Now, since I climb little, I am learning new ways to swallow these days. On Saturday Peter and I started our bird search, which was really a sparrow search, at Southlands, a large horse farm south of Rhinebeck, New York. There are fields of uncut grasses, and in them sparrows sprung up, allowing us a peak: Savannah, White-throated, Field, Song, Chipping, and one special Lincoln’s. A kestrel—my favorite little falcon—soared from one end of a wide field to the other. We heard pileated, red-bellied, downy and hairy woodpeckers in the woods. It was beautiful. And after three hours of walk, it wasn’t enough.

So we drove north to Rockefeller Lane. This road runs beside Greig Farm, which in this season is putting up beautiful lettuce, celery and not much else. Some of the fields are left fallow. From all of the rain earlier in the fall, puddles remain. Just as we were following a few pipet-looking birds, a flock of five shorebirds circled in front of us. “Those are good birds,” Peter said as we followed them with our bins. “Keep an eye on them.” They circled and circled. “Land,” Peter whispered, willing them to ground. And sure enough, they landed in a large puddle about 150 feet in front of us. I stayed put with the scope, while Peter inched forward with his camera. I saw two pectoral sandpipers and a least sandpiper (that shorebird workshop paid off!). And then there was something else amidst these birds. It had blue grey wings, a white belly, a dark stout bill. A phalarope. But what sort. Phalaropes do not frequent this part of the state, so it’s not a species Peter knew well. Peter’s first guess was a Red, and countless emails and analyzing his photos later he decides the first instinct was correct. 

A red phalarope is an uncommon bird anywhere, and in this area, downright rare. Seeing the phalarope added to the exhilaration of the day: there were treasures out there to be seen! So after a short break we had to be out once again. We drove to the road to Cruger Island. The passageway there was thick with mud. We walked out with a duck hunter wearing camouflaged waders; duck season has begun. Out by the island a tin boat lurked with four hunters waiting near their decoys. In the distance the shot of a gun. This wasn’t how I intended our day to end, with the birds I had sought all day being shot from the sky.

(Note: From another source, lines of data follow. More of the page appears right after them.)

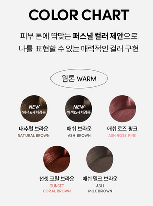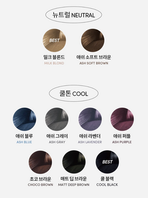 Ash Gray, Matte Deep Brown, Natural Brown, Milk Blonde, Sunset Coral Brown, Cool Black, Choco Brown, Ash Purple, Ash Soft Brown, Ash Blue |
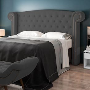 cabeceira casal estofada é um luxo só, isso porque o seu design curvo somado aos botões revestidos cria um ambiente clássico e charmoso, como toda
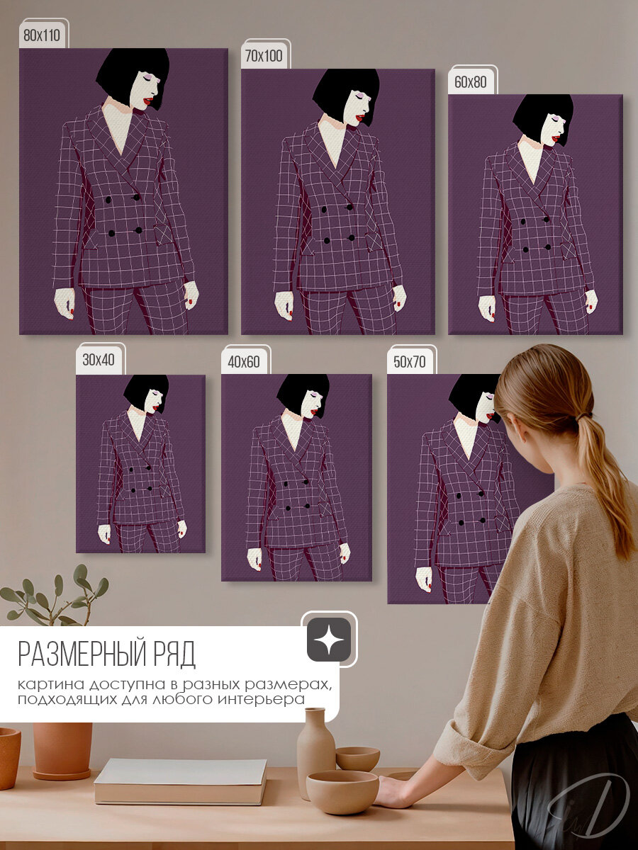 Картина на стену для интерьера девушка с каре лиловый 40х60 см интересное:
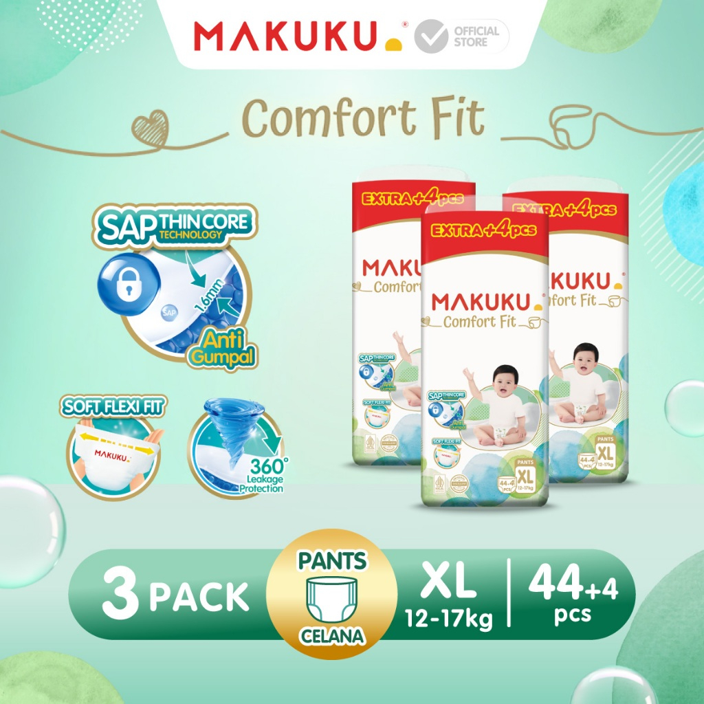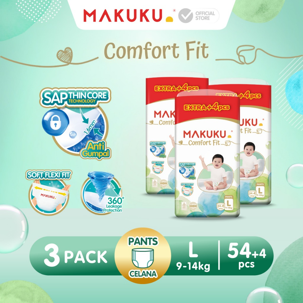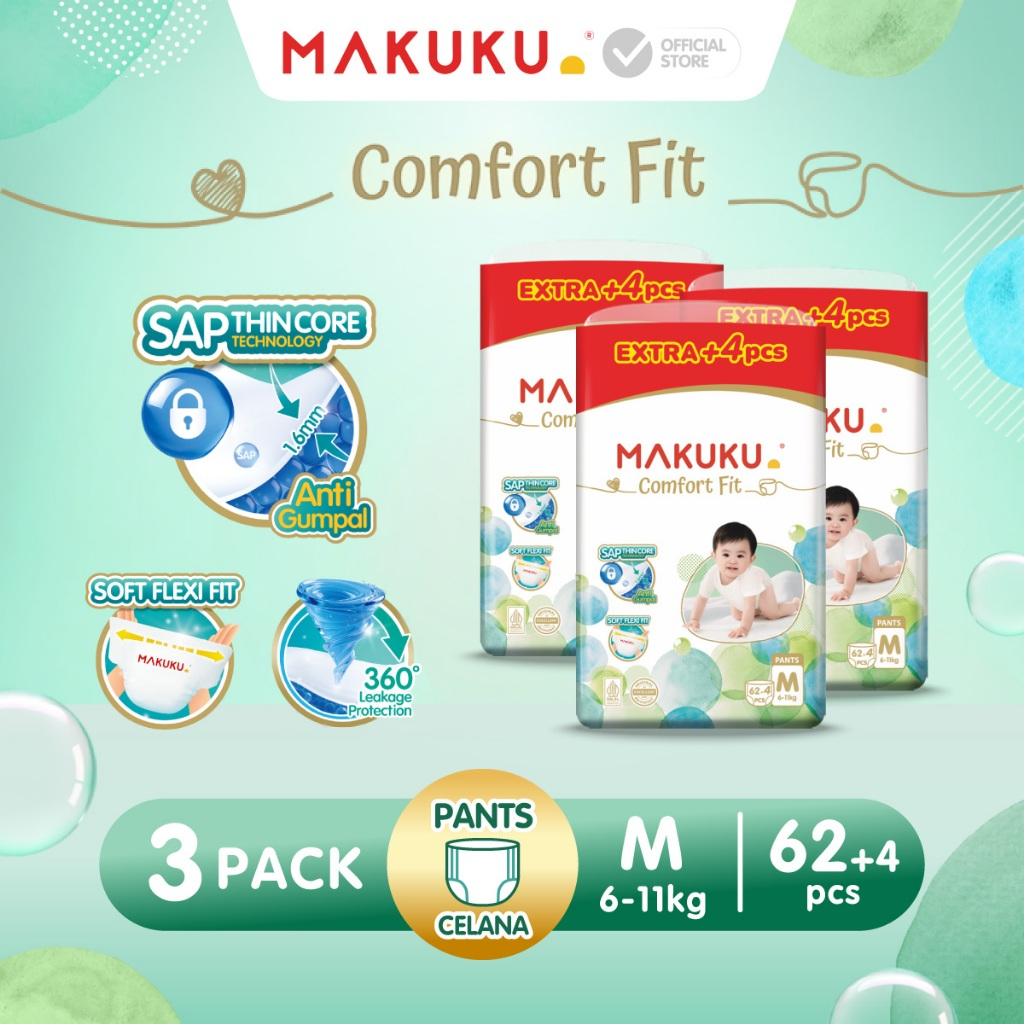 Paket 3 Ball MAKUKU SAP Diapers Comfort Fit Tape M62+4 L54+4 XL44+4 [3 PACK]
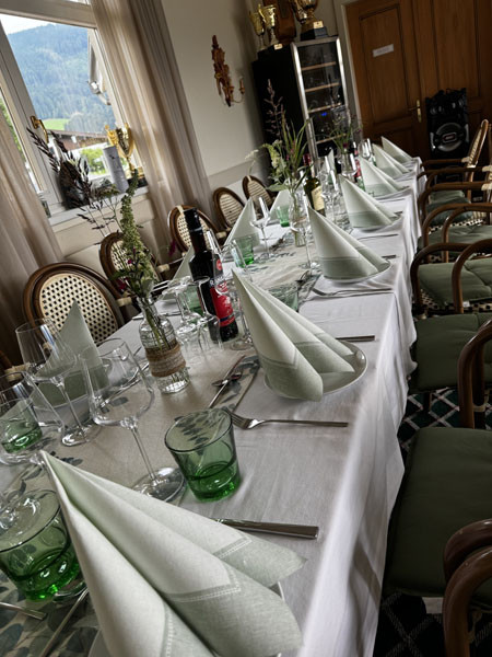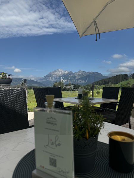 Es könnte keinen schöneren Ort für den 18-Loch-Meisterschaftsplatz des Golfclubs Urslautal geben - auf einem Hochplateau zwischen Maria Alm und Saalfelden im SalzburgerLand – und immer im Blick das Bergmassiv Steinernes Meer. „Diese einmalige Aussicht hat uns in einer lustigen Runde auch bewogen, das Clubrestaurant ´Mehrblick` zu nennen“, erzählt Sabrina in unserem Gespräch. Es gebe zwar das Steinerne MEER zu sehen, aber viel spektakulärer sei das MEHR im Rundumblick! Und damit gebe es auch keinen besseren Platz für das attraktive Clubhaus mit seiner wunderschönen Sonnenterrasse und dem Restaurant – insge samt 80 Plätze - direkt an Loch 18, in dem Sabrina und Marco seit Februar 2024 die charmanten und sympathischen Gastgeber sind. Dass Sabrina und Marco die Entscheidung, nämlich das Restaurant am Golfplatz zu übernehmen, leichtfiel, ist also nur zu verständlich. Die beiden Deutschen aus der Nähe von Kassel lebten bereits vor der Übernahme im salzburgerischen Pinzgau: Sabrina arbeitete als Restaurantleiterin und Marco, der noch ein Unternehmen in Deutschland führt, spielte bereits Golf im GC Urslautal. Sie trafen sich 2016 wieder, heirateten und leben jetzt ihren gemeinsamen „Traum“, wie sie mir beide in unserem Gespräch bestätigten.
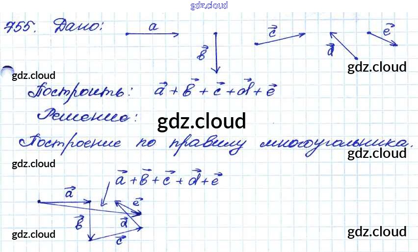 Ответ на задание 755 Учебник Геометрия за 7, 8, 9 (седьмой, восьмой, девятый) класс Атанасян, Бутузов, Кадомцев 2010
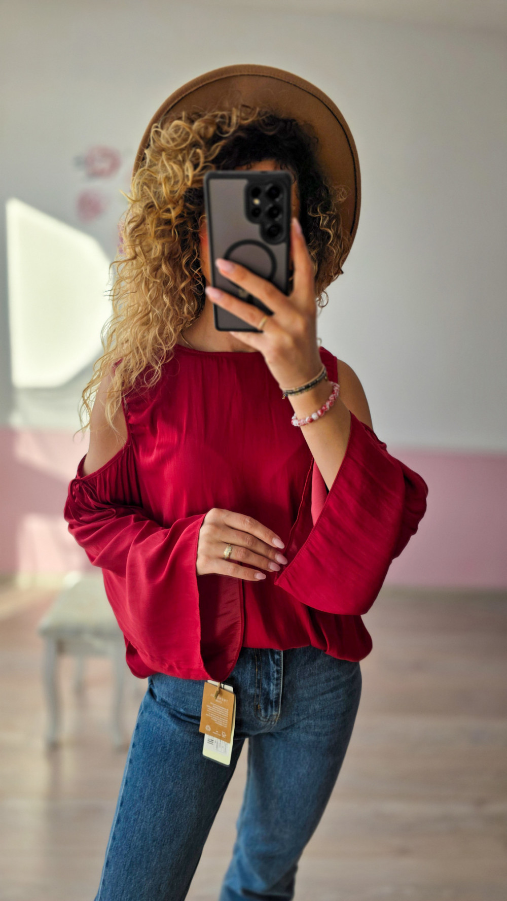 Elegancka czerwona bluzka z odkrytymi ramionami to idealna propozycja dla kobiet, które kochają efektowne, kobiece stylizacje. Model posiada szerokie, zwiewne rękawy oraz dekoracyjne rozcięcia, nadające mu wyjątkowej lekkości i nowoczesnego charakteru. Intensywny czerwony kolor pięknie podkreśla urodę i świetnie sprawdzi się na randkę, imprezę, rodzinne uroczystości czy wieczorne wyjścia. Bluzka świetnie prezentuje się zarówno z jeansami, jak i eleganckimi spodniami lub spódnicą. To stylowy, modny top dla kobiet ceniących wygodę, elegancję i oryginalny design.
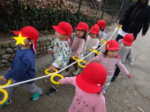 誘導ロープを持ちながらご機嫌に歩く子どもたち♩
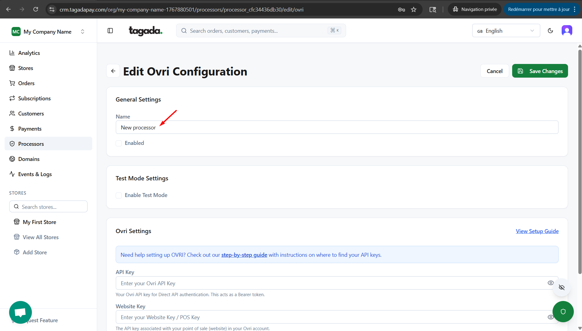 Enter the name of the processor so you can easily identify it in your list of added processors.
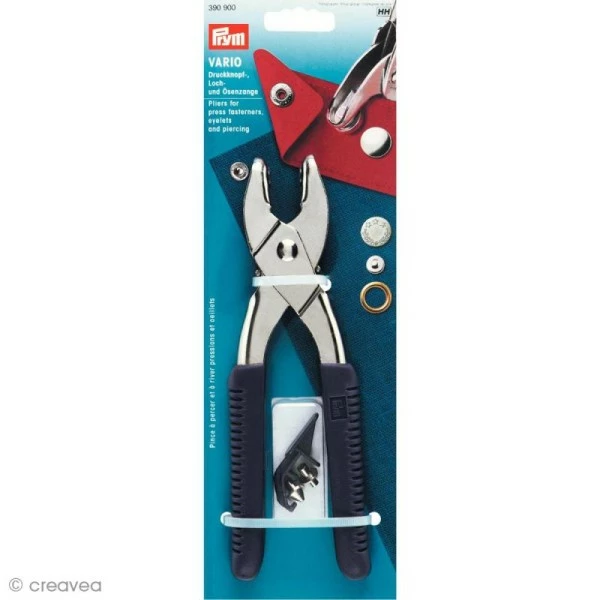 La pince Vario de Prym est un outil extrêmement pratique qui vous permettra de poser avec précision des oeillets, des rivets, des boutons de jeans ou encore des boutons pression. Cette pince vous est vendue avec une matrice permettant de percer le tissu. En effet, la pince vendue en l’état ici vous permettra de faire uniquement les trous.
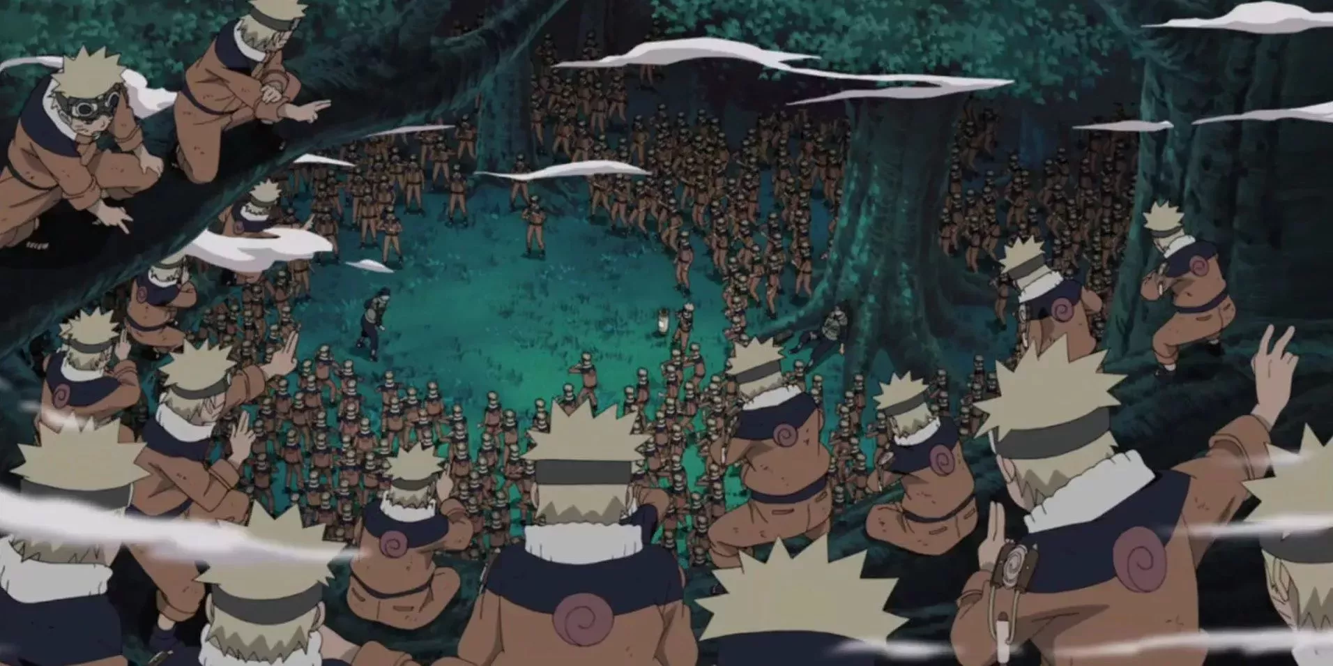 Le tocaba a Naruto salvar el día, y sólo le quedaba una opción. Leyó el pergamino prohibido que Mizuki le había pedido que recuperara, y ejecutó el jutsu Clon Sombrío por primera vez en su vida. Sin darse cuenta, Naruto se aprovechó del chakra de Kurama para crear tantos clones y, con ese ejército, sometió a Mizuki.

We walked the train tracks, skirting the South Tivoli Bay. Mute swans graced the far shore, mallards hid, a few blue herons stood stock still in the shallow water. Five coots, unusual at this time of the year, bobbed together, their white bills evident from a distance.

The sun headed west. We headed home. A fat moon rose. A perfect day had ended as it should: walking out in the dark. There was no clank of gear or smell of chalked hands, but rather the squish of our rubber boots in the mud, and the silence as we listened for owls.